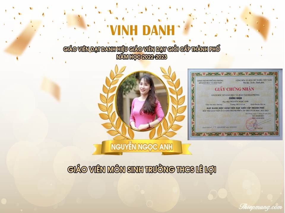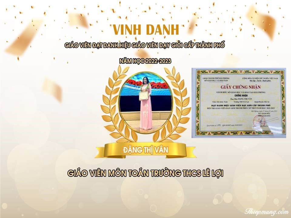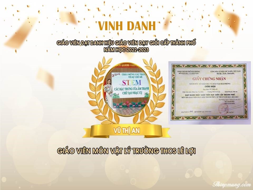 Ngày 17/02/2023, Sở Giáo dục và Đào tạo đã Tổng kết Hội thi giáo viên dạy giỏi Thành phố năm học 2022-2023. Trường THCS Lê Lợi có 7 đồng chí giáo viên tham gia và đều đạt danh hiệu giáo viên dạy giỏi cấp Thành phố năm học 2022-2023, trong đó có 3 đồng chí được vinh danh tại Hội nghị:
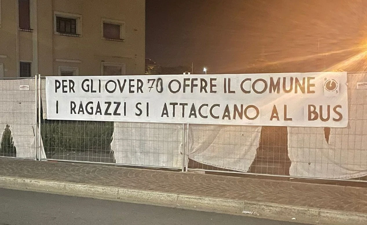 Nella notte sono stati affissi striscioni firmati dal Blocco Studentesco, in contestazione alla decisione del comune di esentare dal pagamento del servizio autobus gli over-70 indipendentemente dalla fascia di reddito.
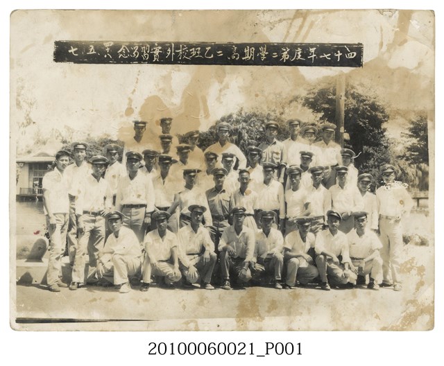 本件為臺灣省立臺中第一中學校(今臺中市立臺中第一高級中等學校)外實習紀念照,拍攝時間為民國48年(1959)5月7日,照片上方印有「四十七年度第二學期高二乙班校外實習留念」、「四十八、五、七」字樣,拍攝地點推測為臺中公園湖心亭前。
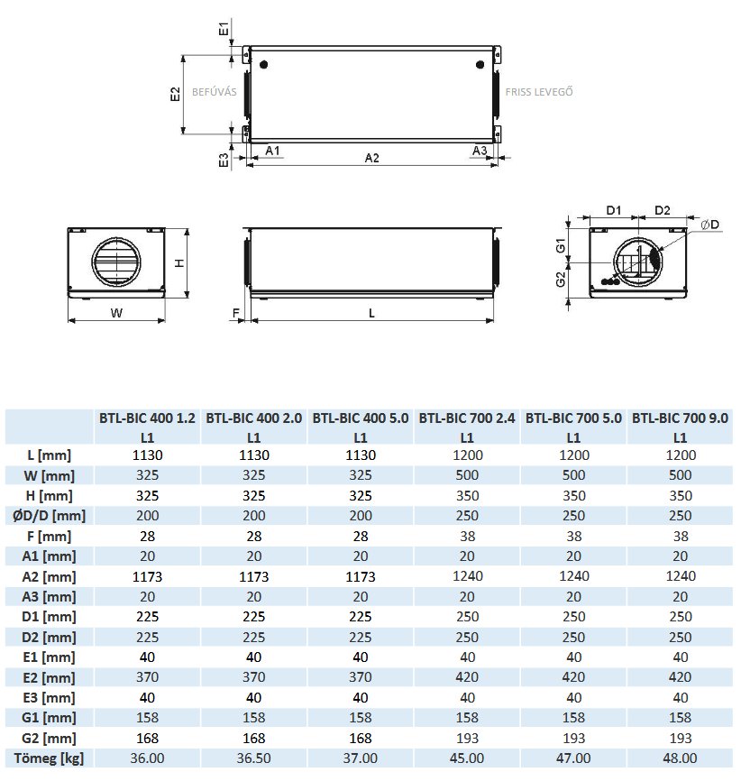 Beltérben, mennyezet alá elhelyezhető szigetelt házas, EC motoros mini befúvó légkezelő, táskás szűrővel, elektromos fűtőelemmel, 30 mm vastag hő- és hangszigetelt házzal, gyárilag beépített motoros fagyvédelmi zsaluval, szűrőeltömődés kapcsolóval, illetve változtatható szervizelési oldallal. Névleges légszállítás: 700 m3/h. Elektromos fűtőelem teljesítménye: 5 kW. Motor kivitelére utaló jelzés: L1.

##########

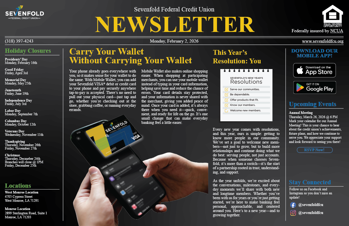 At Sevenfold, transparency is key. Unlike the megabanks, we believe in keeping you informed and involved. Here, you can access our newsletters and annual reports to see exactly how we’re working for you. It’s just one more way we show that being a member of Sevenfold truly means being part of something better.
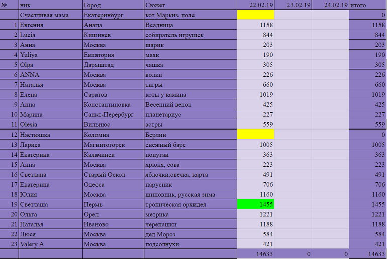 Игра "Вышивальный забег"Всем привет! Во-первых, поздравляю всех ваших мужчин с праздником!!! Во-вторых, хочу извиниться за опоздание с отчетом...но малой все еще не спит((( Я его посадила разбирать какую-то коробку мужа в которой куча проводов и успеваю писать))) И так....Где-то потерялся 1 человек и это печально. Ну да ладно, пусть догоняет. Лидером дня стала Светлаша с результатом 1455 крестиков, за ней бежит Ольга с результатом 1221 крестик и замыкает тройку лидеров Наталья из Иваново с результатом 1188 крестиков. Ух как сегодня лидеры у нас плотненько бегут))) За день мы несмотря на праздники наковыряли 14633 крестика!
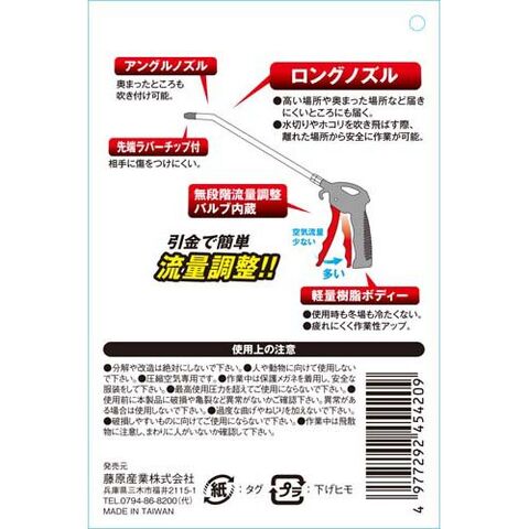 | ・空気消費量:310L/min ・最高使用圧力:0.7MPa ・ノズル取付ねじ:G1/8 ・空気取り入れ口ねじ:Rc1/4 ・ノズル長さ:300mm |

##########

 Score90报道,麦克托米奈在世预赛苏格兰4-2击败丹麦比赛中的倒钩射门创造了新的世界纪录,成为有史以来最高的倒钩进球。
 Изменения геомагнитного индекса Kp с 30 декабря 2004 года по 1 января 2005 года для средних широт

##########

**Task objective**
How would the lines above read from the one with "Nella notte sono" to the one with "Beltérben, mennyezet alá", inclusive, with no pictures? Write them out exactly.

**Response to the task**
 Nella notte sono stati affissi striscioni firmati dal Blocco Studentesco, in contestazione alla decisione del comune di esentare dal pagamento del servizio autobus gli over-70 indipendentemente dalla fascia di reddito.
 本件為臺灣省立臺中第一中學校(今臺中市立臺中第一高級中等學校)外實習紀念照,拍攝時間為民國48年(1959)5月7日,照片上方印有「四十七年度第二學期高二乙班校外實習留念」、「四十八、五、七」字樣,拍攝地點推測為臺中公園湖心亭前。
 Beltérben, mennyezet alá elhelyezhető szigetelt házas, EC motoros mini befúvó légkezelő, táskás szűrővel, elektromos fűtőelemmel, 30 mm vastag hő- és hangszigetelt házzal, gyárilag beépített motoros fagyvédelmi zsaluval, szűrőeltömődés kapcsolóval, illetve változtatható szervizelési oldallal. Névleges légszállítás: 700 m3/h. Elektromos fűtőelem teljesítménye: 5 kW. Motor kivitelére utaló jelzés: L1.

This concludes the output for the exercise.